> Work to be completed
The pictures stay out; all of the data is to be printed exactly.

**** Data for this task

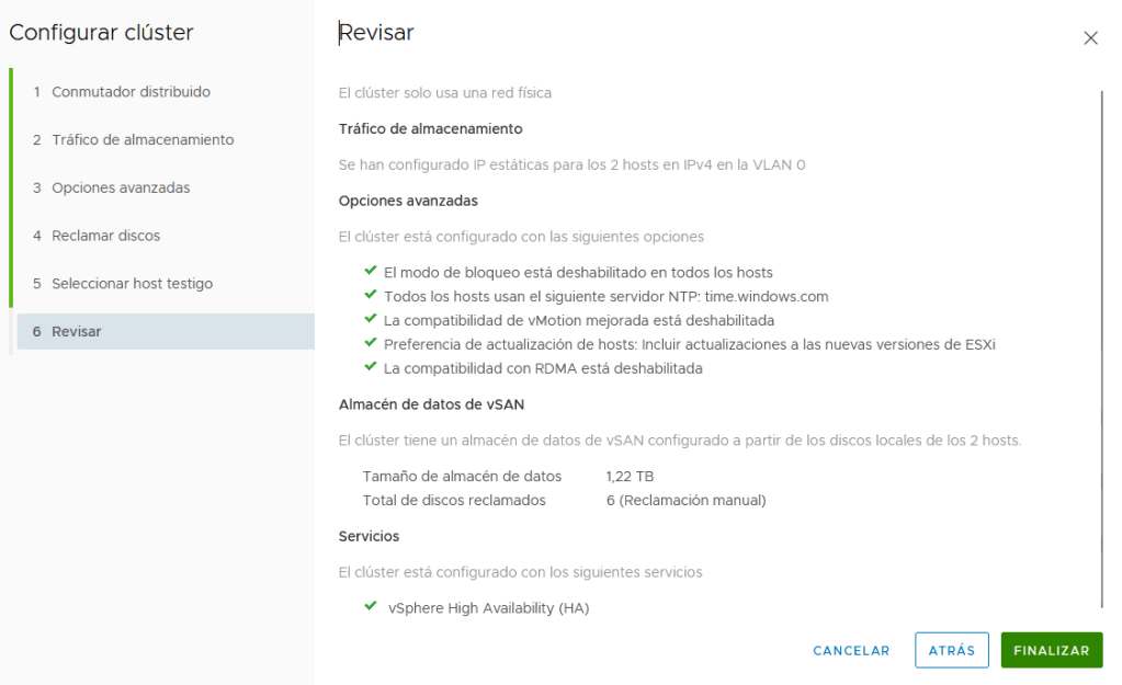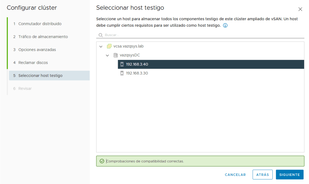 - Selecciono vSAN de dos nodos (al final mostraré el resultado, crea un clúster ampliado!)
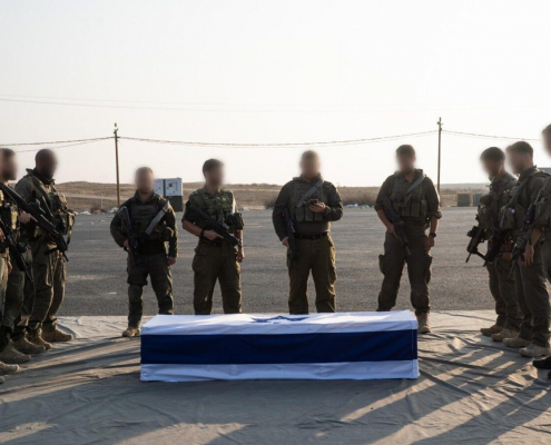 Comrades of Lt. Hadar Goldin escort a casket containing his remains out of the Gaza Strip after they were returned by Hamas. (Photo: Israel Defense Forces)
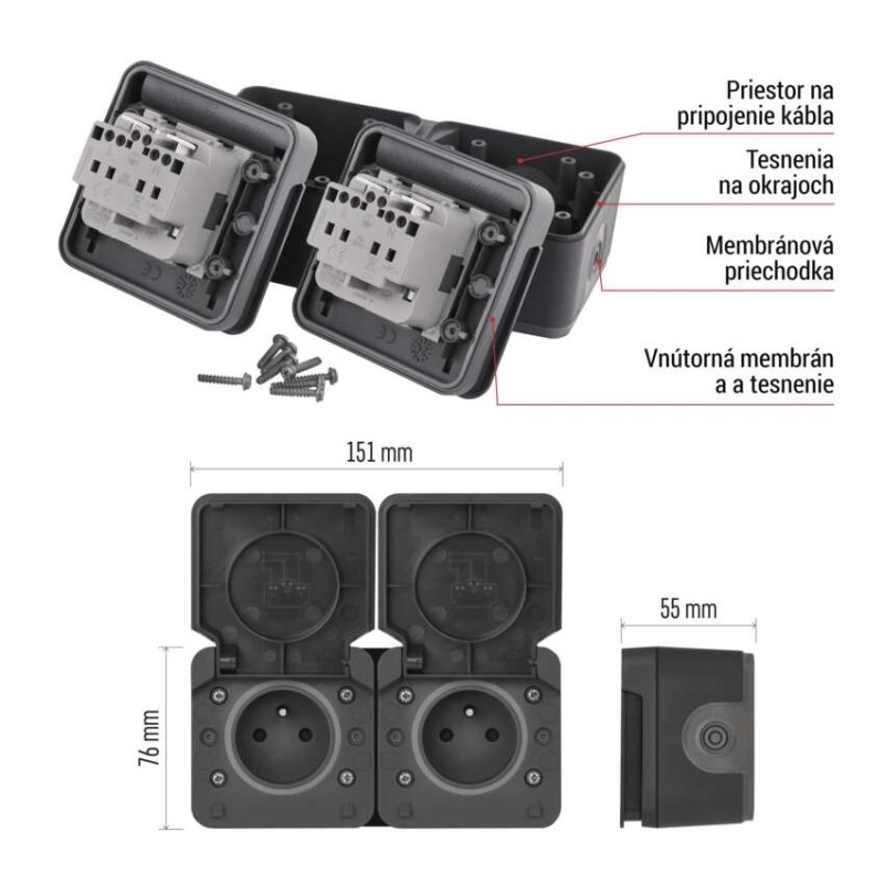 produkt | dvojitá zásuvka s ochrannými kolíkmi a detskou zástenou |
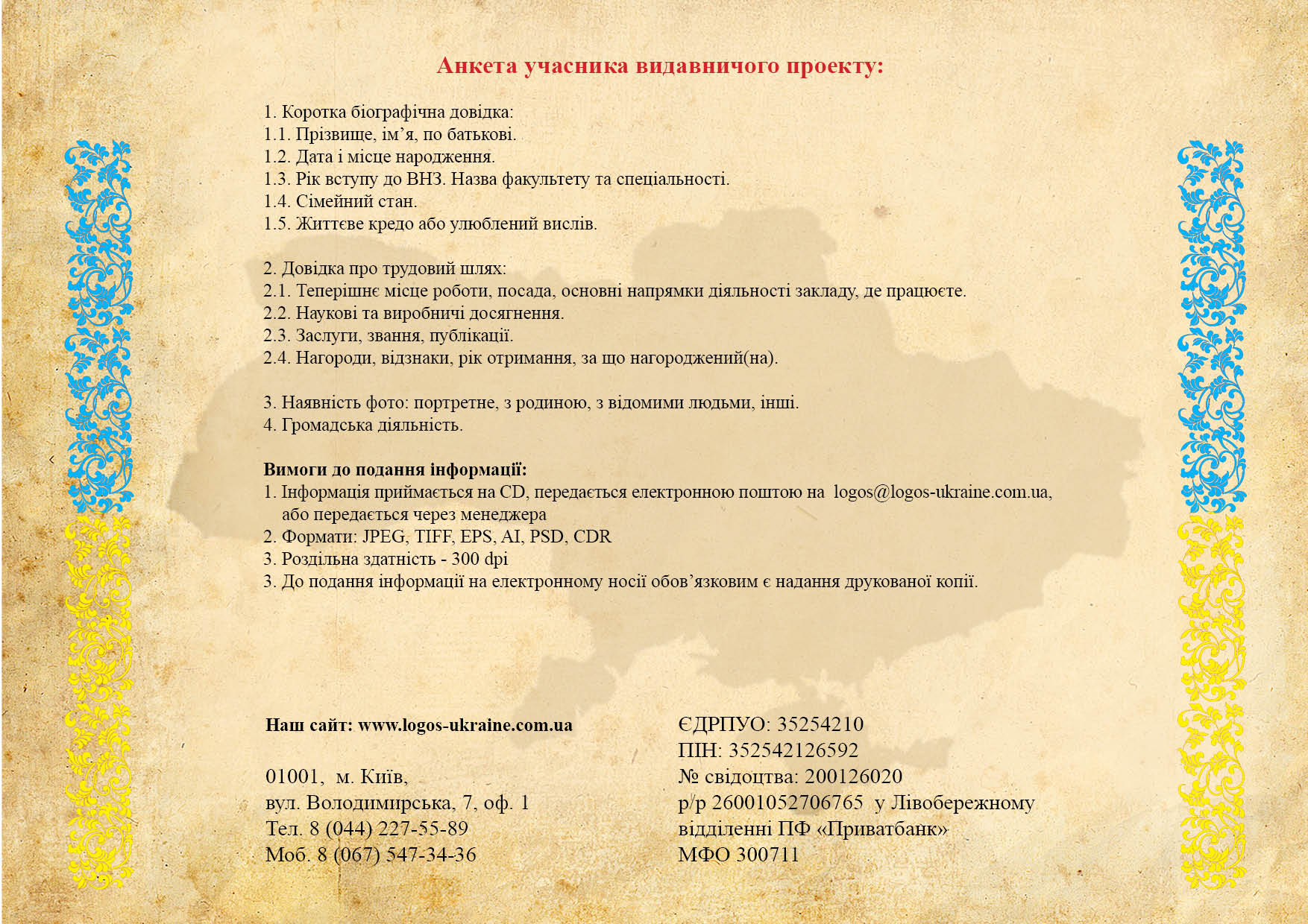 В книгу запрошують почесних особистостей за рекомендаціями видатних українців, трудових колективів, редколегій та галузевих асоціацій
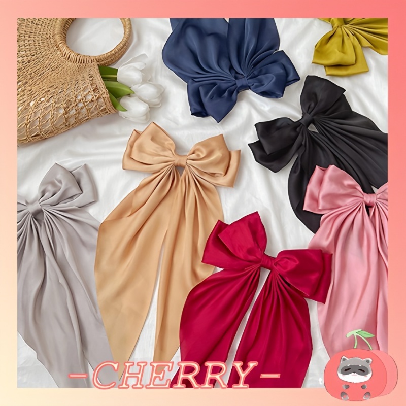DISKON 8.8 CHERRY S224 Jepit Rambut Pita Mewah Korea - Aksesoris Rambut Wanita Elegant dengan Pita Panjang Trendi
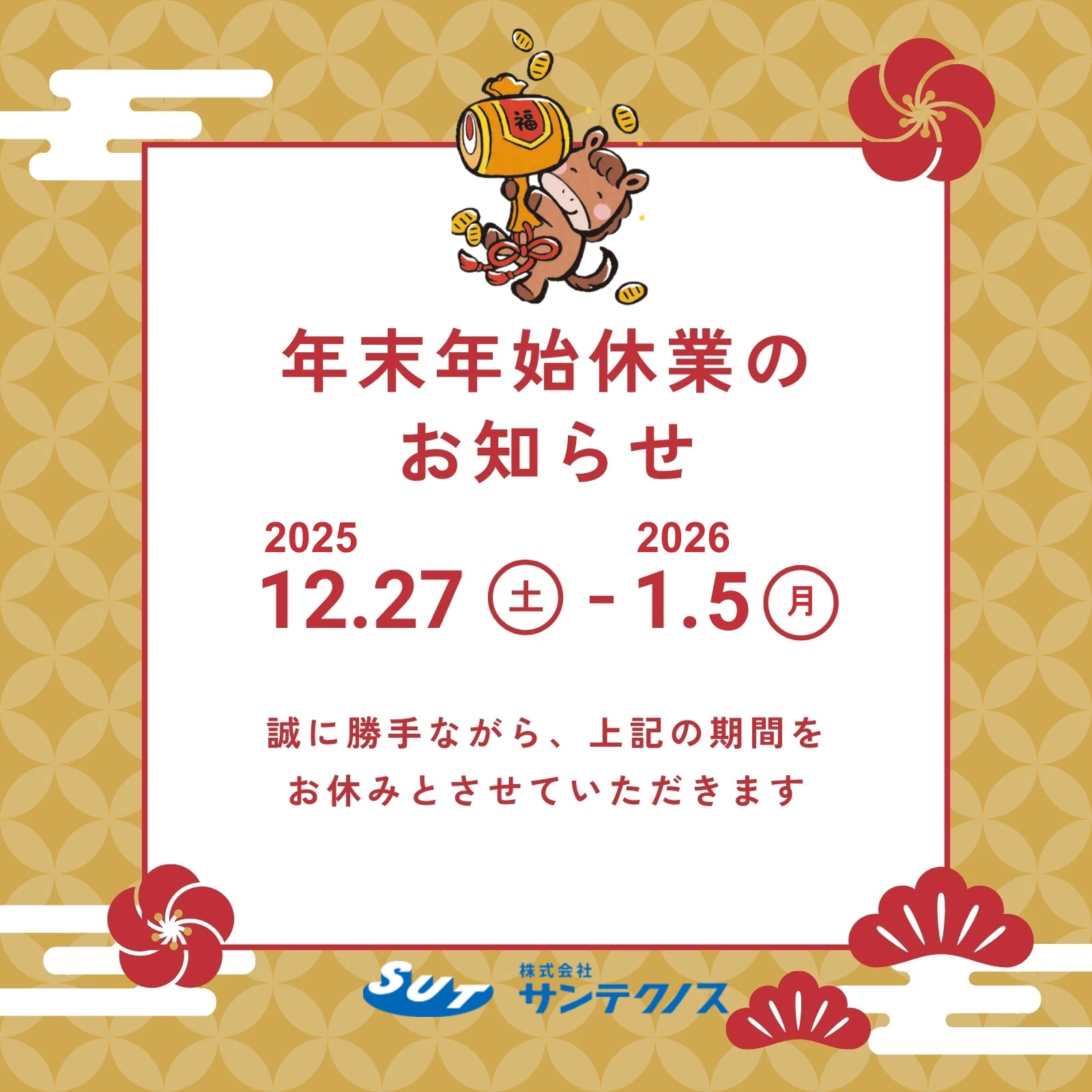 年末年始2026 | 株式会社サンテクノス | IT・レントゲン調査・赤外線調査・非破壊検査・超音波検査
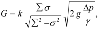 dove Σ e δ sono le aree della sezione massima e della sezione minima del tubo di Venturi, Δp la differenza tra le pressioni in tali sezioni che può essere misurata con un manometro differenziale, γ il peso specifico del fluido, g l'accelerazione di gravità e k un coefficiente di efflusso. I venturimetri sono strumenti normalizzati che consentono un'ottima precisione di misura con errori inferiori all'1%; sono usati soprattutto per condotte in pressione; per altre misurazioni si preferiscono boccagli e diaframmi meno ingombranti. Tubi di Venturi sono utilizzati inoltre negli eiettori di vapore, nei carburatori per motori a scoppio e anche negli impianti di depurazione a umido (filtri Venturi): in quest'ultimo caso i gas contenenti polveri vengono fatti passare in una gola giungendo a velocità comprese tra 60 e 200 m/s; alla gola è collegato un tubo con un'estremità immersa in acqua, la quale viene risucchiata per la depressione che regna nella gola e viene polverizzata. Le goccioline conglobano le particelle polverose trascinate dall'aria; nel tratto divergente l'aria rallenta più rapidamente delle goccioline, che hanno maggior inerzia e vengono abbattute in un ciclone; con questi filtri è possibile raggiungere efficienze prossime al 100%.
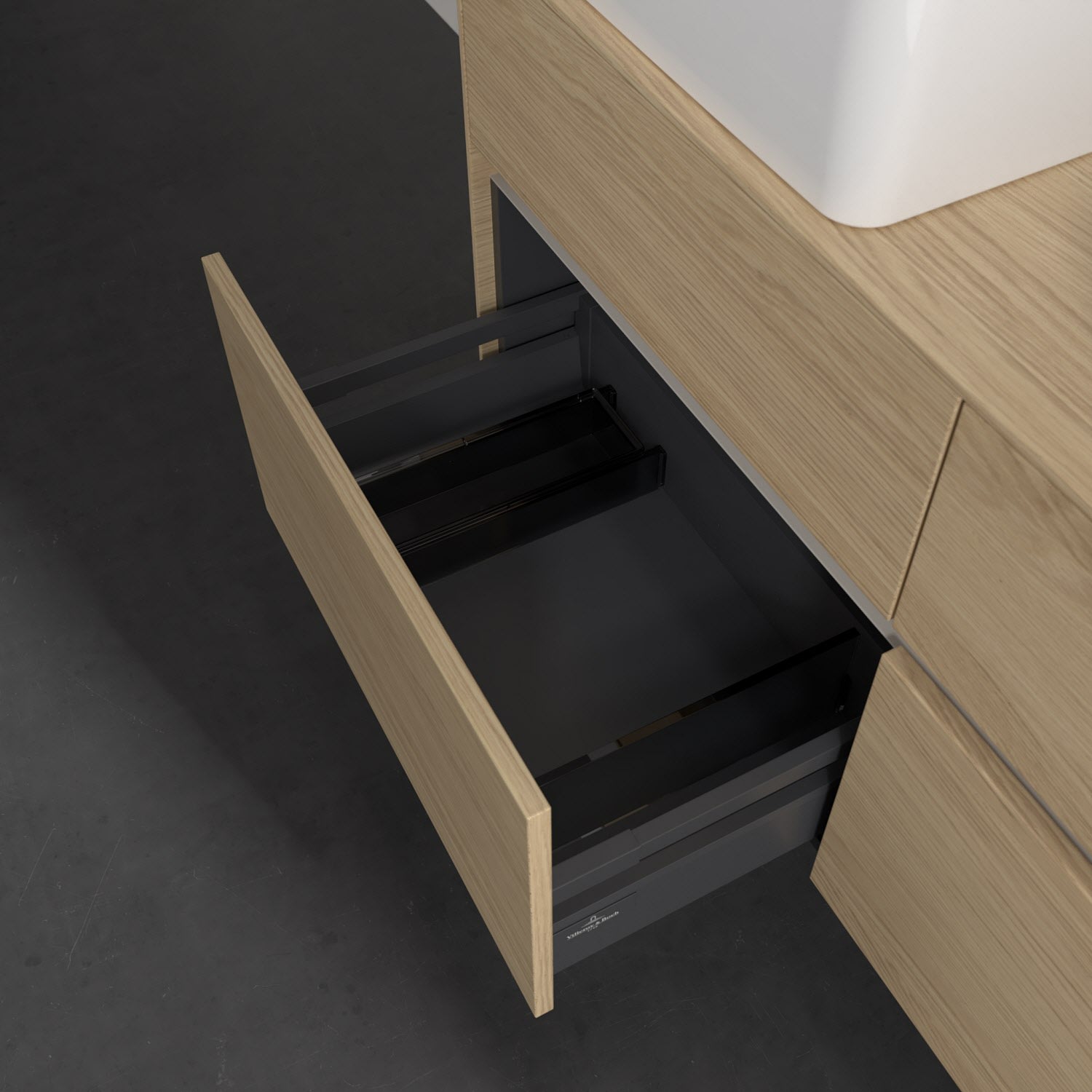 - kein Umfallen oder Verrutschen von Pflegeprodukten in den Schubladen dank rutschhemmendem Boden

********

> Completed exercise
 - Selecciono vSAN de dos nodos (al final mostraré el resultado, crea un clúster ampliado!)
 Comrades of Lt. Hadar Goldin escort a casket containing his remains out of the Gaza Strip after they were returned by Hamas. (Photo: Israel Defense Forces)
 produkt | dvojitá zásuvka s ochrannými kolíkmi a detskou zástenou |
 В книгу запрошують почесних особистостей за рекомендаціями видатних українців, трудових колективів, редколегій та галузевих асоціацій
DISKON 8.8 CHERRY S224 Jepit Rambut Pita Mewah Korea - Aksesoris Rambut Wanita Elegant dengan Pita Panjang Trendi
 年末年始2026 | 株式会社サンテクノス | IT・レントゲン調査・赤外線調査・非破壊検査・超音波検査
 dove Σ e δ sono le aree della sezione massima e della sezione minima del tubo di Venturi, Δp la differenza tra le pressioni in tali sezioni che può essere misurata con un manometro differenziale, γ il peso specifico del fluido, g l'accelerazione di gravità e k un coefficiente di efflusso. I venturimetri sono strumenti normalizzati che consentono un'ottima precisione di misura con errori inferiori all'1%; sono usati soprattutto per condotte in pressione; per altre misurazioni si preferiscono boccagli e diaframmi meno ingombranti. Tubi di Venturi sono utilizzati inoltre negli eiettori di vapore, nei carburatori per motori a scoppio e anche negli impianti di depurazione a umido (filtri Venturi): in quest'ultimo caso i gas contenenti polveri vengono fatti passare in una gola giungendo a velocità comprese tra 60 e 200 m/s; alla gola è collegato un tubo con un'estremità immersa in acqua, la quale viene risucchiata per la depressione che regna nella gola e viene polverizzata. Le goccioline conglobano le particelle polverose trascinate dall'aria; nel tratto divergente l'aria rallenta più rapidamente delle goccioline, che hanno maggior inerzia e vengono abbattute in un ciclone; con questi filtri è possibile raggiungere efficienze prossime al 100%.
 - kein Umfallen oder Verrutschen von Pflegeprodukten in den Schubladen dank rutschhemmendem Boden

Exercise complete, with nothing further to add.